(Beginning of DATA FOR THIS EXERCISE)

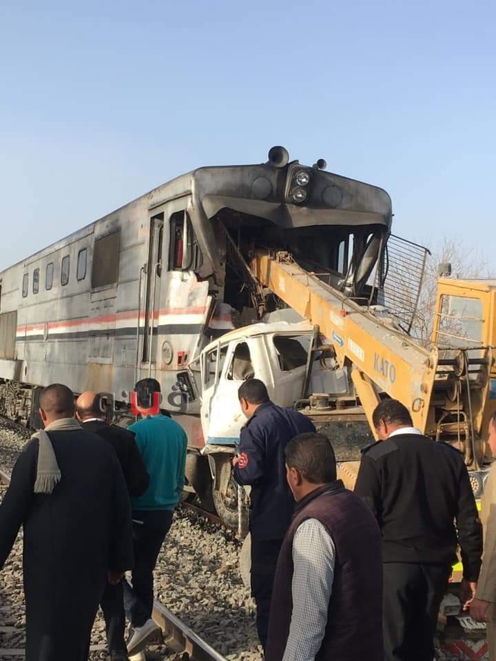 ويظهر الفيديو المتداول اللحظات الأولى لاصطدام وجه القطار بالسيارة النقل التي تحمل الونش أثناء توقفها بشكل مخالف في إحدى حارات المزلقان مع توقف قطار آخر في حارة الجهة المقابلة مما أدى إلى دخول رافعة الونش في نافذة القطار ومصرع جميع المتواجدين بكبينة قيادة جرار القطار وإصابة ٣ آخرين من المتواجدين بمحيط الحادث بينهم قائد السيارة الونش رغم محاولات العاملين بالسكة الحديد لفت انتباه قائد القطار والتبليغ بتواجد سيارة الونش في المزلقان وعدم التمكن من تحريكها لضيق الوقت قبل قدوم القطار السريع.
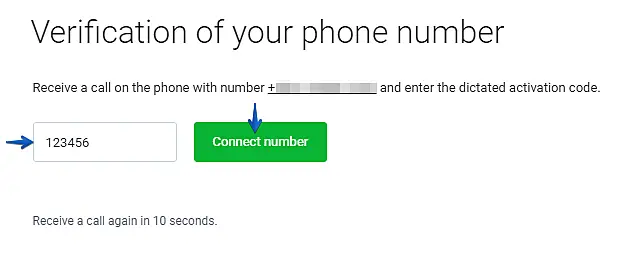 5. Insert the activation code and press "Connect Number" to finish the process.
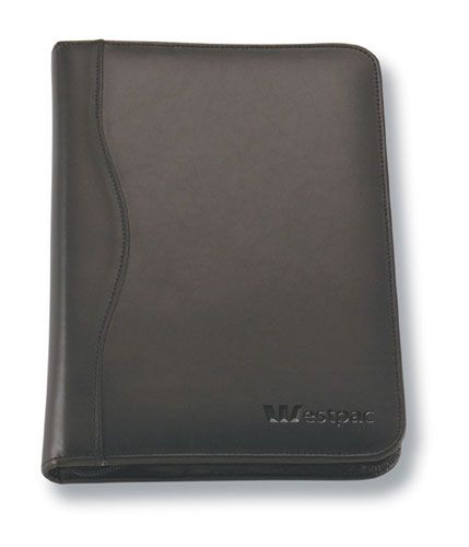 884BK; A4 Leather Zippered Compendium 884BK
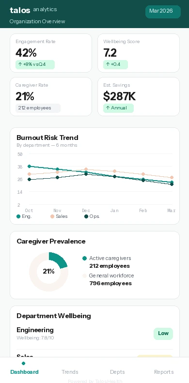 The Talos Analytics dashboard gives HR teams aggregate burnout trends, caregiver prevalence data, and ROI metrics — without ever seeing individual employee data.
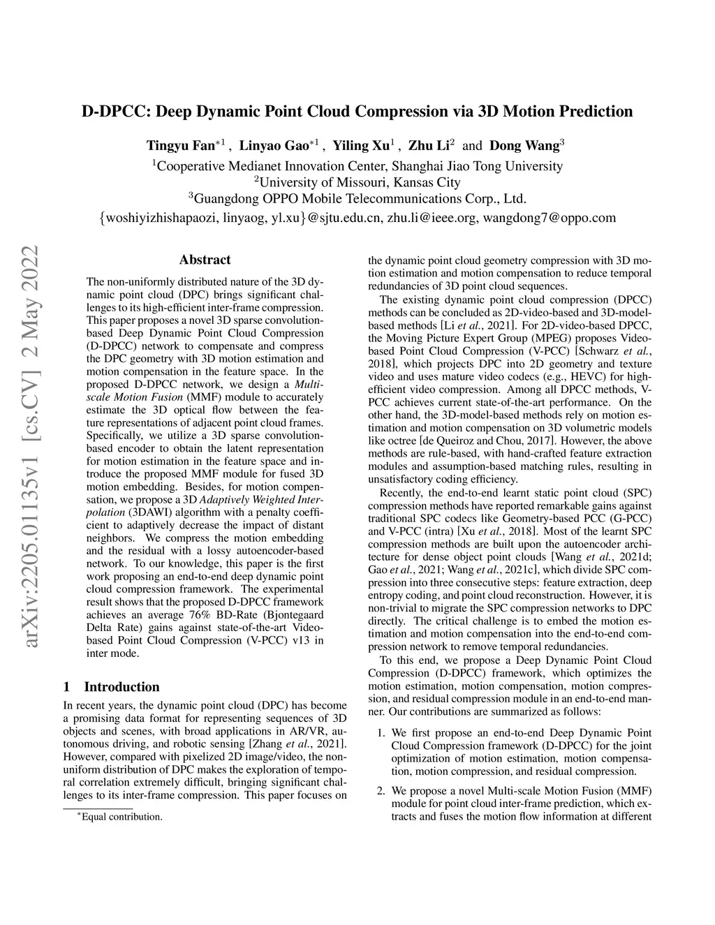 D-DPCC: Deep Dynamic Point Cloud Compression via 3D Motion Prediction

(End of DATA FOR THIS EXERCISE)

WHAT YOU NEED TO DO
Nothing but the lines from the one holding "884BK; A4 Leather Zippered Compendium 884BK" through the last line of the entries should be written out, exactly and inclusively, minus the pictures.

ANSWER BELOW
 884BK; A4 Leather Zippered Compendium 884BK
 The Talos Analytics dashboard gives HR teams aggregate burnout trends, caregiver prevalence data, and ROI metrics — without ever seeing individual employee data.
 D-DPCC: Deep Dynamic Point Cloud Compression via 3D Motion Prediction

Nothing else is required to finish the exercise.